Los destinos del músico y el literato se cruzaron. Guthrie dedicó una canción a Tom Joad, protagonista de Las uvas de la ira. Más tarde, Sarah Lee Guthrie, nieta del cantautor, y Johnny Irion, sobrino nieto de Steinbeck, formaron pareja artística y se casaron. Ambos participaron el pasado septiembre en Concord (California) en un festival homenaje con el título del más famoso tema de Guthrie: Esta Tierra es mi Tierra, cuya carga revolucionaria se refleja en el siguiente pasaje: “Mientras caminaba, vi una señal que decía

‘prohibido el paso’. Pero al otro lado no ponía nada. Ese lado estaba hecho para ti y para mí”.

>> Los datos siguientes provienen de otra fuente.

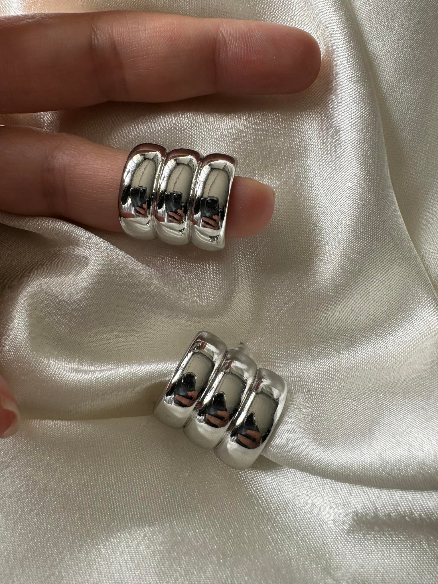 Üçlü Görünüm Gümüş Halka Küpe

Thomas Steinbeck, hijo del Nobel, ha dicho: “Nos esperan tiempos posiblemente mucho peores que la Gran Depresión. El Gobierno no hace nada por nosotros, así que tendremos que empezar a cuidarnos el uno al otro”. Ojalá que Obama logre evitar la catástrofe, y que, pase lo que pase, el resultado final no sea un mundo aún más injusto. Ya lo es demasiado. Que los juglares, estén donde estén, monten guardia para lanzar su grito de protesta.